(Stored dataset items)
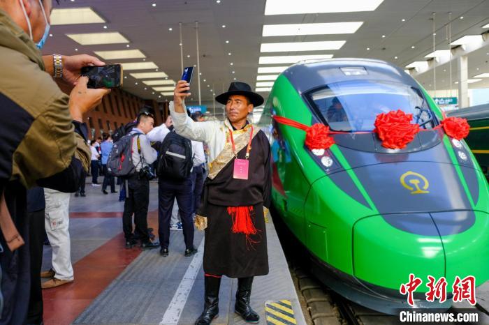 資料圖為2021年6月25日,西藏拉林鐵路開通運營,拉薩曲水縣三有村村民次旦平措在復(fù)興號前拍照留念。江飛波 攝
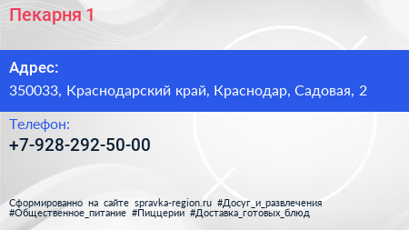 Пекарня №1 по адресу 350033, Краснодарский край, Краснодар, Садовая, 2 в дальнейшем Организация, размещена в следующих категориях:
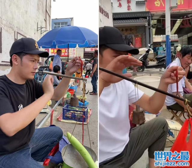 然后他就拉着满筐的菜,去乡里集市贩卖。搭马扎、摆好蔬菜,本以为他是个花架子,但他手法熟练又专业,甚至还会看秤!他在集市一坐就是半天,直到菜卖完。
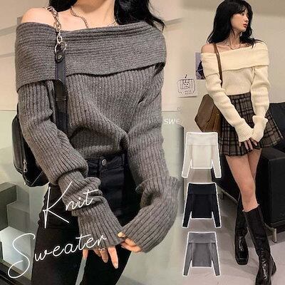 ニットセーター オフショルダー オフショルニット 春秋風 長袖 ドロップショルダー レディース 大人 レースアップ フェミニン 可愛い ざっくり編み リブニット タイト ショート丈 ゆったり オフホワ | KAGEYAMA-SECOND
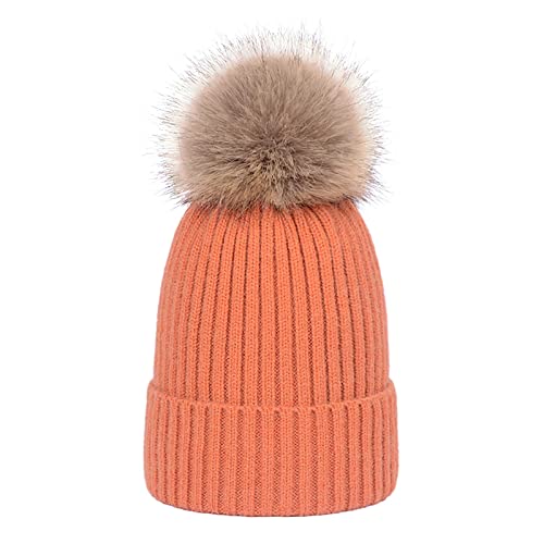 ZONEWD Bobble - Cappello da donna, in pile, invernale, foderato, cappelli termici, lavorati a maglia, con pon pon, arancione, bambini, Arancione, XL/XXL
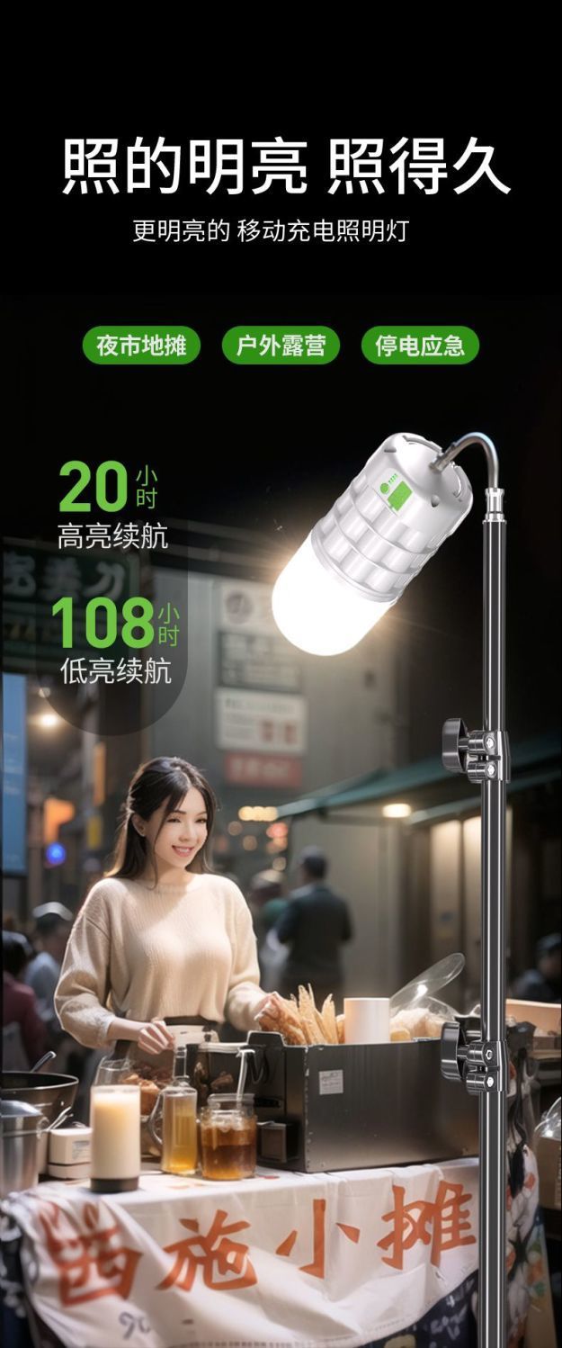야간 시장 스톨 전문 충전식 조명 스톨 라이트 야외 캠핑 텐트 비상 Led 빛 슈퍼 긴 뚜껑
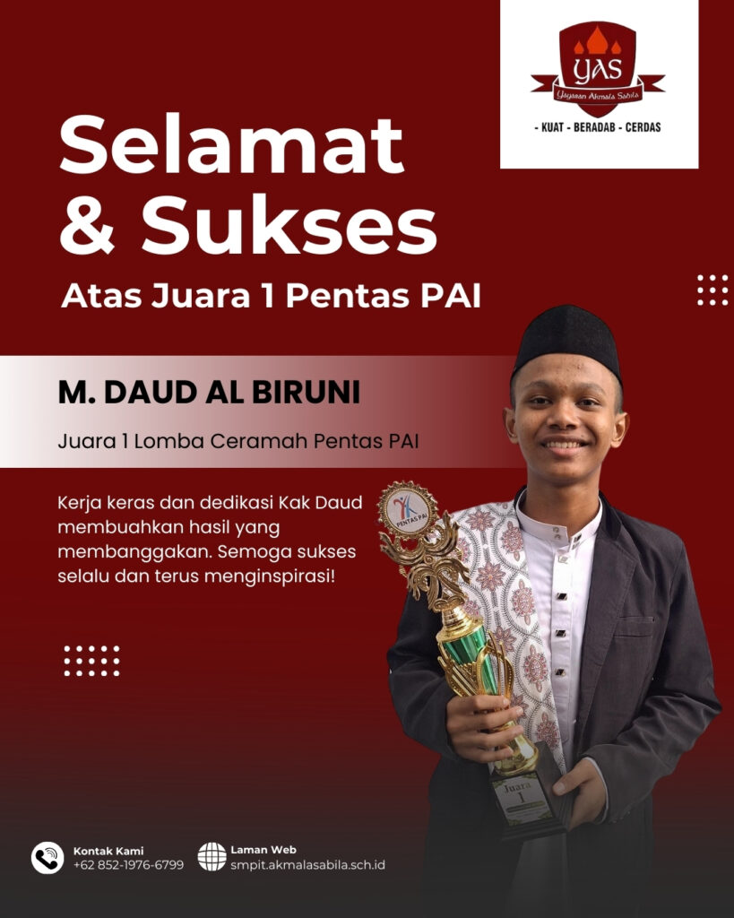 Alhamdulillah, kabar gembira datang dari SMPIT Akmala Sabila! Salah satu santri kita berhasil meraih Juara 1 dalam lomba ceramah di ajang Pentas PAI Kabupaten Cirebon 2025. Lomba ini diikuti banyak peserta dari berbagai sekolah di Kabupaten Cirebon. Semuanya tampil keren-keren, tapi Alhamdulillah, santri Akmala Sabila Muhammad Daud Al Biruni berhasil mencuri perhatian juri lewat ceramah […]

* _Assignment_:
Type the entries above out again exactly, with no pictures.

* _Expected answer_:
 資料圖為2021年6月25日,西藏拉林鐵路開通運營,拉薩曲水縣三有村村民次旦平措在復(fù)興號前拍照留念。江飛波 攝
 Пекарня №1 по адресу 350033, Краснодарский край, Краснодар, Садовая, 2 в дальнейшем Организация, размещена в следующих категориях:
 然后他就拉着满筐的菜,去乡里集市贩卖。搭马扎、摆好蔬菜,本以为他是个花架子,但他手法熟练又专业,甚至还会看秤!他在集市一坐就是半天,直到菜卖完。
 ニットセーター オフショルダー オフショルニット 春秋風 長袖 ドロップショルダー レディース 大人 レースアップ フェミニン 可愛い ざっくり編み リブニット タイト ショート丈 ゆったり オフホワ | KAGEYAMA-SECOND
 ZONEWD Bobble - Cappello da donna, in pile, invernale, foderato, cappelli termici, lavorati a maglia, con pon pon, arancione, bambini, Arancione, XL/XXL
야간 시장 스톨 전문 충전식 조명 스톨 라이트 야외 캠핑 텐트 비상 Led 빛 슈퍼 긴 뚜껑
 Alhamdulillah, kabar gembira datang dari SMPIT Akmala Sabila! Salah satu santri kita berhasil meraih Juara 1 dalam lomba ceramah di ajang Pentas PAI Kabupaten Cirebon 2025. Lomba ini diikuti banyak peserta dari berbagai sekolah di Kabupaten Cirebon. Semuanya tampil keren-keren, tapi Alhamdulillah, santri Akmala Sabila Muhammad Daud Al Biruni berhasil mencuri perhatian juri lewat ceramah […]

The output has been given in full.